Путь, по которому вела меня судьба, весьма типичен для большинства того самого меньшинства духовно выпавших из идеологической системы, о ком сами мы не без горечи шутили: "И мир наш тесен, и слой наш тонок", когда поднимали тосты "за победу нашего безнадежного дела". "Дело" и вправду оказалось безнадежным во всех смыслах и отношениях, но разве стремление к безнадежному не путь открытий? И открытия были. По крайней мере, для меня.
К началу шестидесятых, честно озабоченный проблемой "исправления" или даже только "поправления" единственно прогрессивного общественного строя, я тем не менее именно в силу упомянутой озабоченности незаметно для прочих глаз, но с огорчением для себя постепенно втягивался в полулегальную форму существования. Про огорчение - не оговорка. Из детства в юность я вышел верноподданным и патриотичным. Слишком верноподданным и слишком патриотичным, чтобы не реагировать на все чаще замечаемое несоответствия существующего должному. Должному по отношению к Великой Идее, каковая, по моему пониманию, просто не имела права не быть совершенной.

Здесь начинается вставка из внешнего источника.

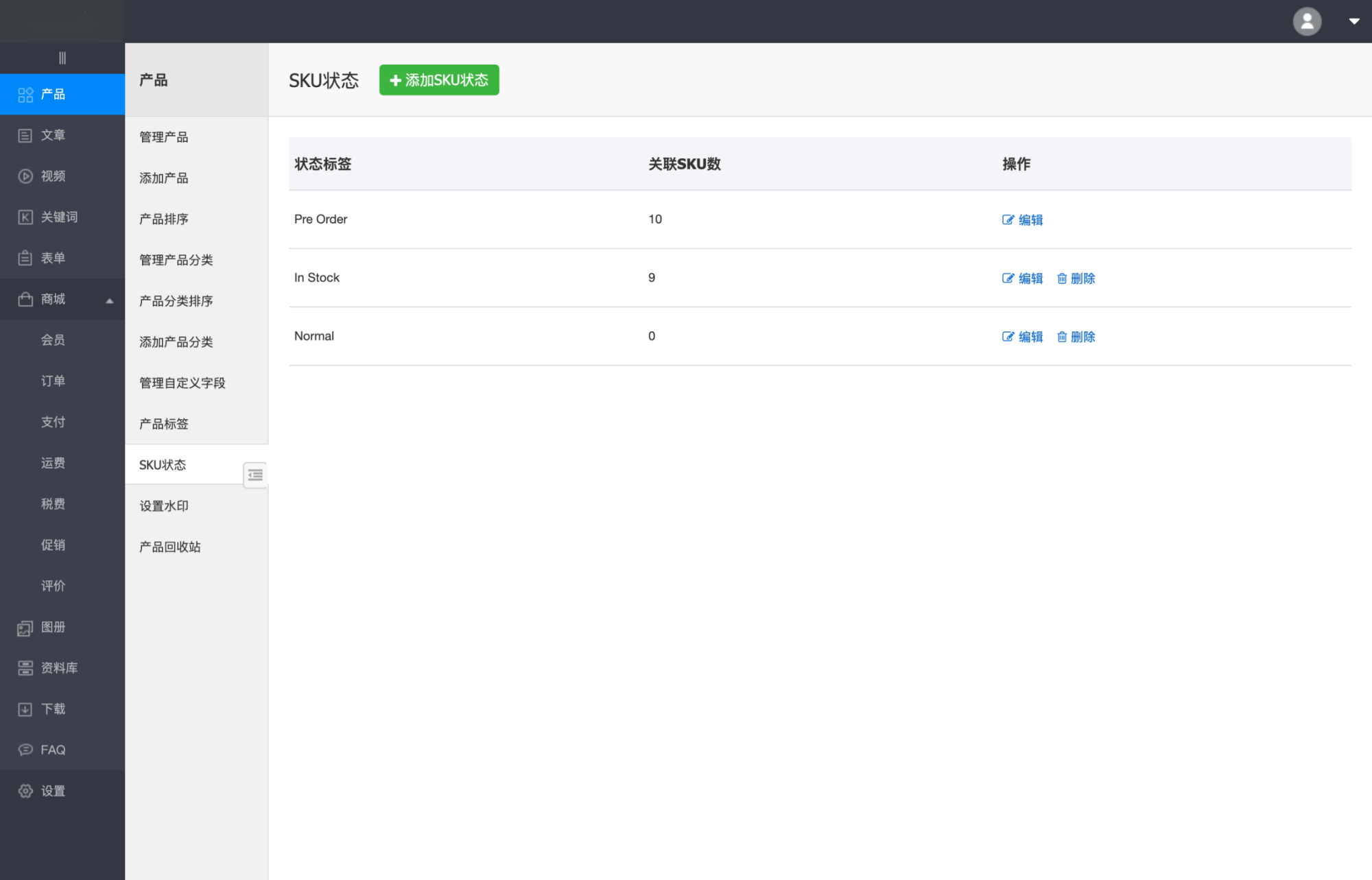 (1)在内容管理后台产品-SKU状态设置中,可以查看已创建的状态标签;

Разговорчики, шепотки, затем кружки-кружочки, с каждым разом все менее безобидные, поскольку величины несоответствия росли и обнаруживались в не подозреваемых ранее сферах общесоветского бытия.
Воспитанный на примере фанатического трудолюбия семьи и на классической литературе, в которой добро если и не всегда побеждает, но, даже не торжествуя, все же не теряется из виду и остается в памяти и в сознании как конкретная реальность, достойная подражания, волевого напряжения и жертвы, если потребуется, - я готовился жить только по правде, презирая компромисс и всех, компромиссом живущих.

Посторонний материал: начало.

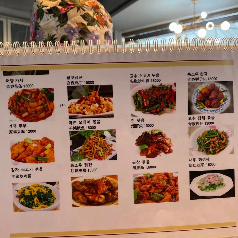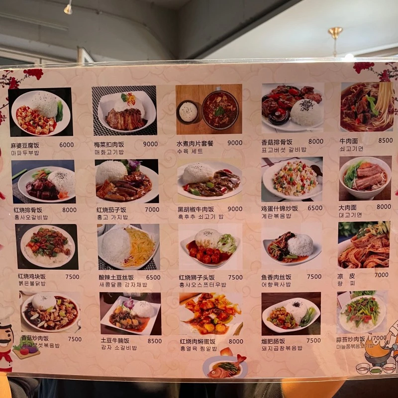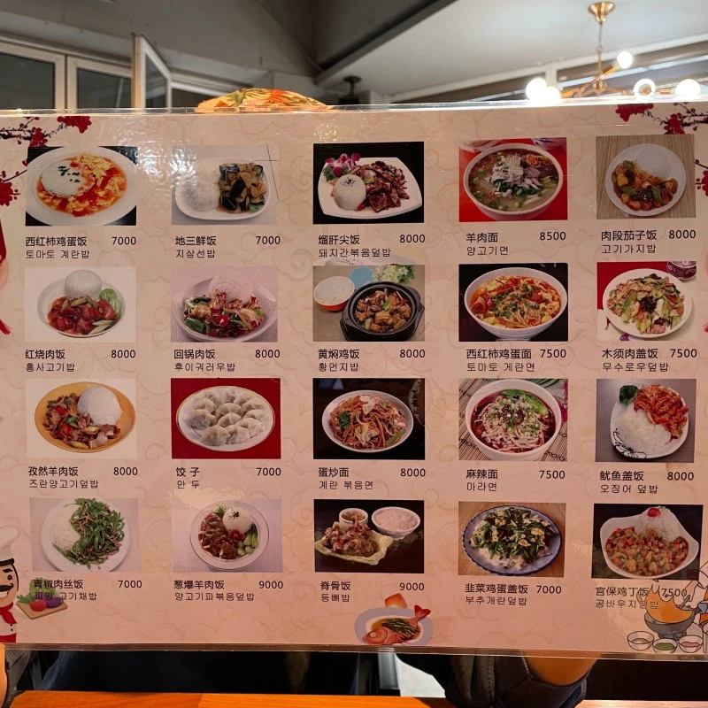 식당에 도착을 하니 중국인으로 보이는 손님이 테이블에 앉아 식사를 하고 있었다. 손님은 그 사람들과 우리 둘이 다였다. 입소문이 아직 퍼지지 않아서 그런가? 아니면 한국의 반중 감정이 한몫 하여 방문하는 손님이 적은가? 측은지심이 들었다. 맛있는 음식을 많은 사람들이 즐기지 못하는 식당의 현실에 아쉬운 감정을 한꼬집정도 느꼈다. 아쉬운 감정을 뒤로하고 메뉴판을 스캔하였다. 50여가지 다양한 메뉴라니. 선택 장애가 있는 사람들은 선택의 기로에 선채로 정말 혼란스러울 것 같다. 한가지 주의점은 이 식당에서는 현지 중국음식을 제공하기 때문에 한국화 된 짬뽕이나 짜장면은 판매하지 않는다.

Скоро, однако ж, выяснилось, что так жить невозможно вовсе, что так можно только умирать. Умирать я не собирался. И первым моим подлинным жизненным компромиссом стала именно нелегальщина или, точнее полулегальщина, по сути - двойная жизнь. То есть окружающие меня люди разделились на две неравные части. С одними я жил и общался по их правилам, с другими - избранными, немногими - по своим, и постепенно утратилось понимание, какие из правил являются правилами жизни, а какие - правилами игры.

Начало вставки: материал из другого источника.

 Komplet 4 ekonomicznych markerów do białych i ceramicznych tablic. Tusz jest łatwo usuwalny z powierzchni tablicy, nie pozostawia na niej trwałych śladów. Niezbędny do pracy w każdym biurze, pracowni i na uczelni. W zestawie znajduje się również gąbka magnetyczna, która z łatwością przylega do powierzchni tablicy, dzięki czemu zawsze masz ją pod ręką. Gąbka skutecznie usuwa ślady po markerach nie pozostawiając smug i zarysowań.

Одно помню: профессионально пошедший по традиционной семейной учительской стезе, в учительстве, а точнее и проще - в общении с детьми я чувствовал себя радостно и длил эту радость, сколько позволяли режимы общения. В общении я никогда не был ментором, но только старшим участником общения. И через десятилетия встречи с бывшими учениками, теперь уже предпенсионного возраста, - самое замечательное, что подарено мне в моей поздней осени.
Уже и не припомнить, как удавалось (а ведь удавалось!) избегать соприкосновений двух, в сути равноценных для души бытийственных состояний. Предполагаю, что в данном случае сыграл роль своеобразный фатализм по отношению не только к личной жизни, но и к жизни вообще, унаследованный от матери, любимой поговоркой которой было: "Кому суждено быть повешенным, тот не утонет". Так, по крайней мере, реагировала она в большинстве случаев на мои опасные детские проказы - купания в проруби, положим, или катания на поездах с непременным беганьем и прыжками по крышам вагонов, лазанье по опасным скалам, что другим детям запрещалось наистрожайше.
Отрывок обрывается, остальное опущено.